I don’t usually run with anyone. I understand why people do, though – it helps to push you farther. I once had an old guy wave me down while I was running. He continued to chat me up, all the way around the lake, despite the fact that I was wearing headphones (which I thought was the universal signal for “don’t talk to me”, kind of like reading a magazine on an airplane). Short of stopping, I didn’t know how to get away from him. And so I continued running with him, mainly because I did not want to be outpaced by an old guy.
Running with him wasn’t awful. But for me, running is a solitary, mediative experience.
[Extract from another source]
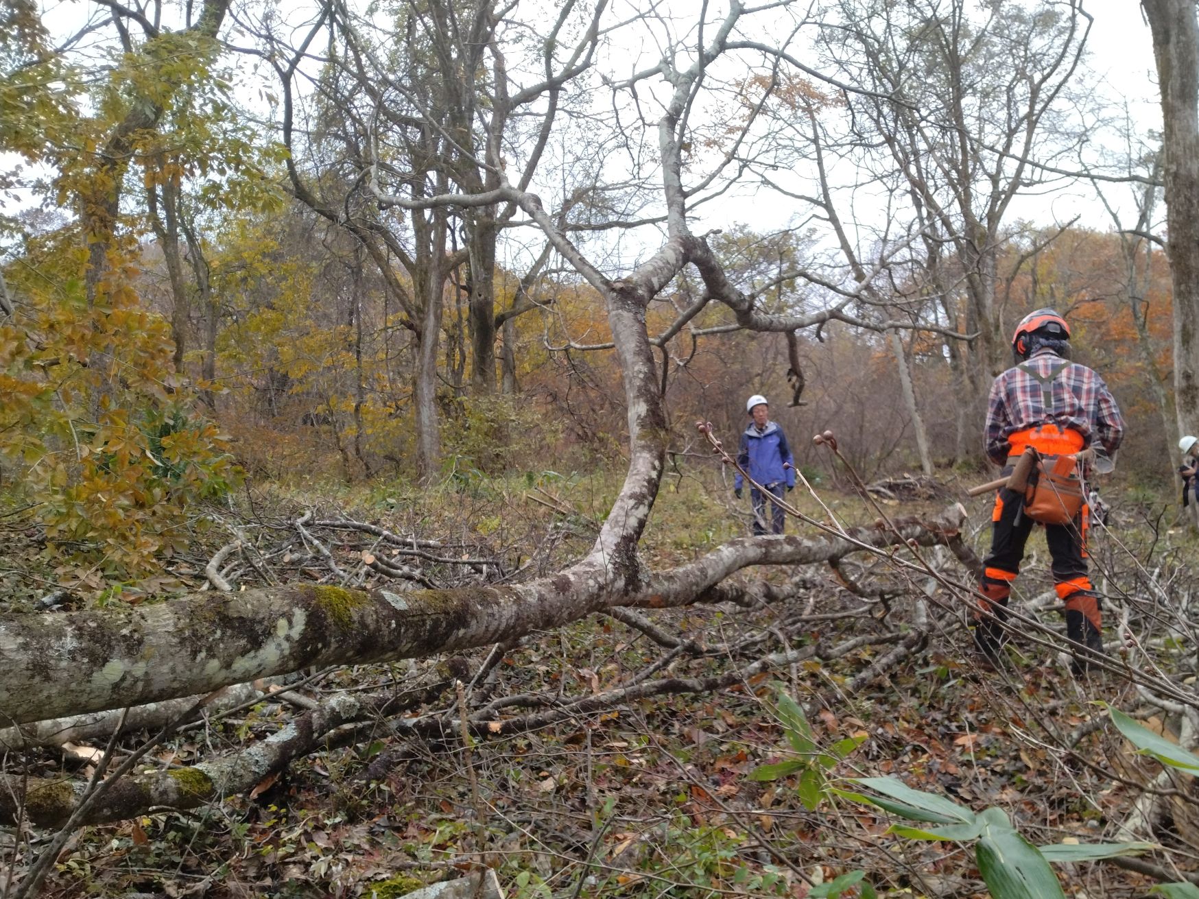 今回は初めて、{整理伐}^{せいりばつ}と呼ばれる大規模な伐採作業を行いました。整理伐とは、傷ついたり、形がいびつだったり、他の木の成長を妨げたりしている木を伐採し、森の風通しや日当たりを良くする作業です。そうすることで、より多くの種類の植物が生育できるようになります。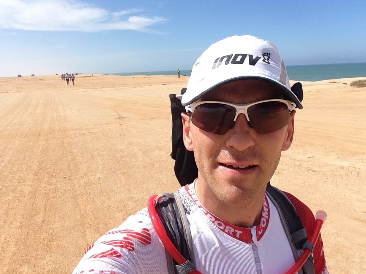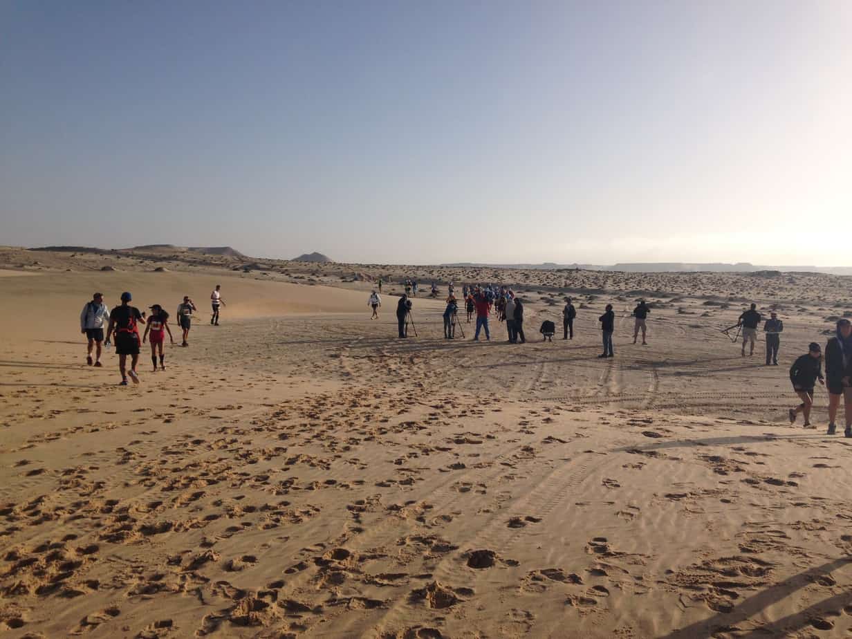 Je passe au premier ravito du KM10. Je prends une bouteille d’eau, puisque que l’étape ne comporte pas beaucoup de sable aujourd’hui, d’après le briefing de course. Mais surprise, c’est du sable mou à perte de vue. Nous cherchons avec Pierre-Marie les balises vertes placées parfois devant la végétation. J’ai l’impression d’être sur une course d’orientation à chercher les balises. Mais finalement, nous ne perdons pas tant de temps que ça, car nous arrivons à bien nous entraider. Très vite, la prétendante au podium part devant moi, me laissant seul pour maudire cette immense étendue de sable. J’évolue à mon rythme en essayant de gaspiller le moins d’énergie possible. Il fait très chaud et je bois beaucoup, m’arrosant régulièrement la tête avec l’eau prise au ravito. Il ne faudrait pas que je prenne un nouveau coup de chaud, comme le jour de la première étape.

I far prefer my headphones to any idle chit chat. I de-compress, I relax, and I figure out whatever problems are nagging at me.
The weather is hit and miss these days, so recently I had to run at the gym. A few minutes in, a guy about my age got on the treadmill next to me. I immediately noticed a tattoo on his forearm: “without music, life would be a mistake”. (I have since learned that this is a Nietzsche quote. I vaguely remember some Nietzsche from college, but I like him much more now that I know this quote.)
The dude was jamming out as he ran — he stopped short of playing an air guitar, but he drummed his hands on the treadmill, and punched the air a few times. He was a kindred spirit, in his own private concert just like me. (“The Sweatiest Music”).
I was dying to know what he was listening to. Am I missing essential music on my workout playlist? But, of course, treadmill etiquette dictates that you don’t really acknowledge the person on the treadmill next to you. And asking to see someone’s iPod is akin to asking to read their journal.
So I didn’t. But we ran on, side by side, each in our own world. Kind of like running together, only better.